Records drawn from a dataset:
---

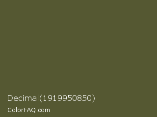 Decimal 1919950850 Color is a dark yellow color and the nearest color is Verdigris #5d5e37. Hex code #555832 and RGB value is rgb(85,88,50). In RGB color space, this color is composed of 33% red, 35% green, 20% blue, In CMYK color space, this color is composed of 3% cyan, 0% magenta, 43% yellow , 65% black , In HSL color space, this color has a hue angle of 65° , 28% saturation and 27% lightness.
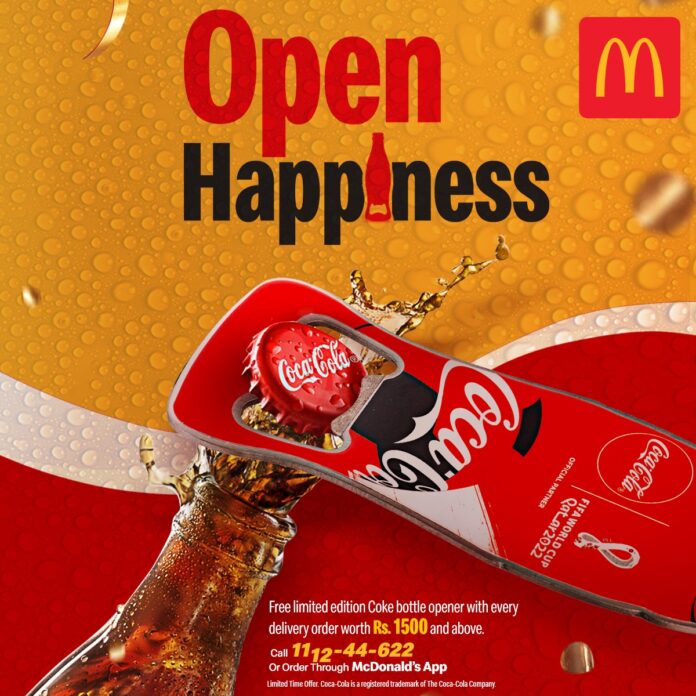 Get free limited edition Coke bottle opener with every delivery order worth Rs. 1,500 & above.
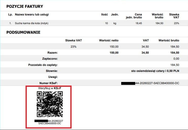 Po tym jak faktura zostanie przesłana po stronie inFakt, a wizualizacja (dokument w formacie PDF z nadanym kodem QR i numerem KSeF) zwrócona, ten sam dokument zostanie podmieniony w panelu Sky-Shop (zastąpi dokument powiązany z zamówieniem, który był dostępny przed przesłaniem do KSeF).
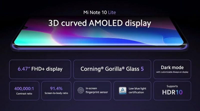 Mi Note 10 Lite มาพร้อมกับหน้าจอแสดงผลแบบโค้ง ชนิด AMOLED ขนาด 6.47 นิ้ว ความละเอียด FHD+ รองรับ HDR10 อัตราส่วน 19.5:9 มีสัดส่วนหน้าจอ 91.4%, ครอบทับด้วยกระจก Corning Gorilla Glass 5 และรองรับการสแกนลายนิ้วมือใต้หน้าจอ
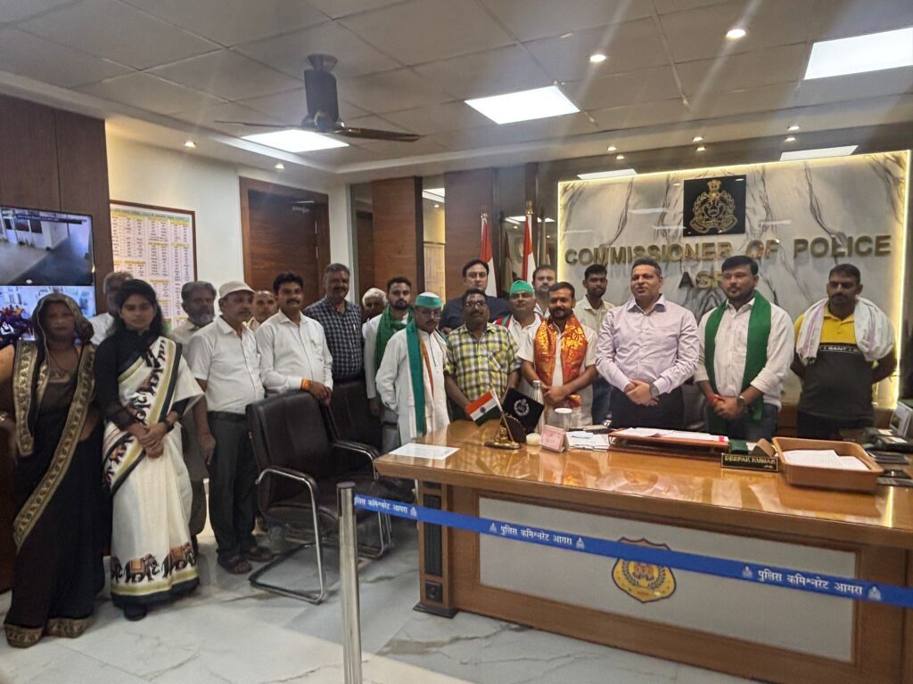 आगरा। किसान मजदूर नेता चौधरी दिलीप सिंह के साथ थाना प्रभारी द्वारा अभद्रता किए जाने के मामले में प्रतिनिधिमंडल ने पुलिस आयुक्त को ज्ञापन सौंपकर न्याय की मांग की है। ज्ञापन में थाना प्रभारी प्रदीप कुमार त्रिपाठी के खिलाफ जांच कर कार्रवाई करने की मांग की गई।
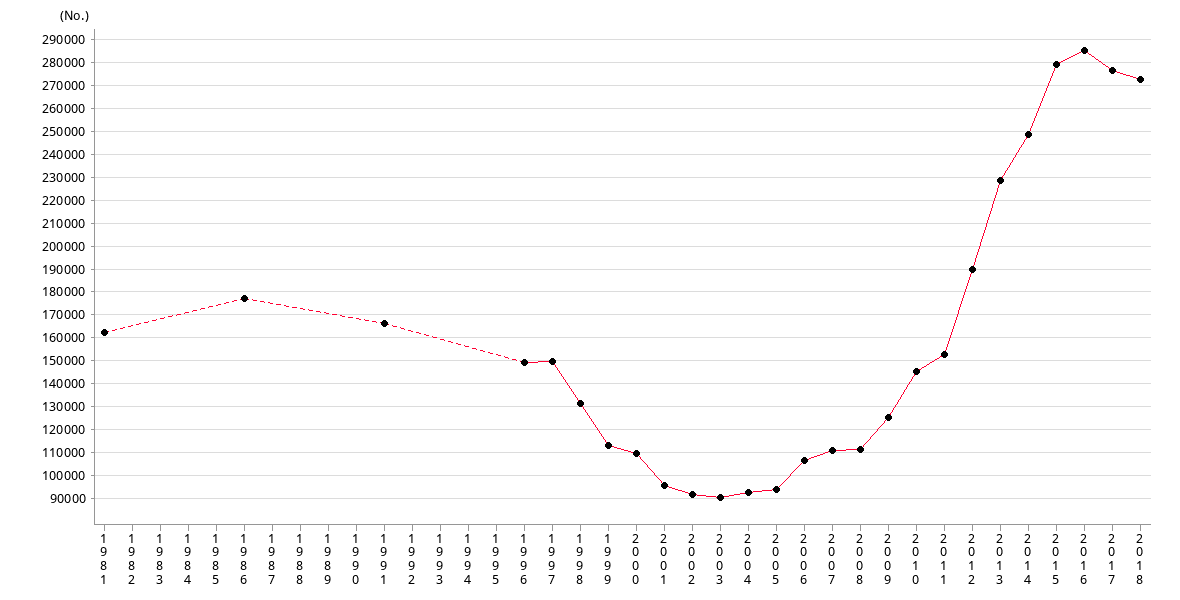 | No. | 162000 | 177000 | 166083 | 149340 | 149672 | 131160 | 113203 | 109633 |

---

How to complete this task: Output only the stretch above from the line with "Po tym jak faktura" through the line with "Mi Note 10 Lite", reproduced exactly. Exclude pictures.

Answer to the exercise:
 Po tym jak faktura zostanie przesłana po stronie inFakt, a wizualizacja (dokument w formacie PDF z nadanym kodem QR i numerem KSeF) zwrócona, ten sam dokument zostanie podmieniony w panelu Sky-Shop (zastąpi dokument powiązany z zamówieniem, który był dostępny przed przesłaniem do KSeF).
 Mi Note 10 Lite มาพร้อมกับหน้าจอแสดงผลแบบโค้ง ชนิด AMOLED ขนาด 6.47 นิ้ว ความละเอียด FHD+ รองรับ HDR10 อัตราส่วน 19.5:9 มีสัดส่วนหน้าจอ 91.4%, ครอบทับด้วยกระจก Corning Gorilla Glass 5 และรองรับการสแกนลายนิ้วมือใต้หน้าจอ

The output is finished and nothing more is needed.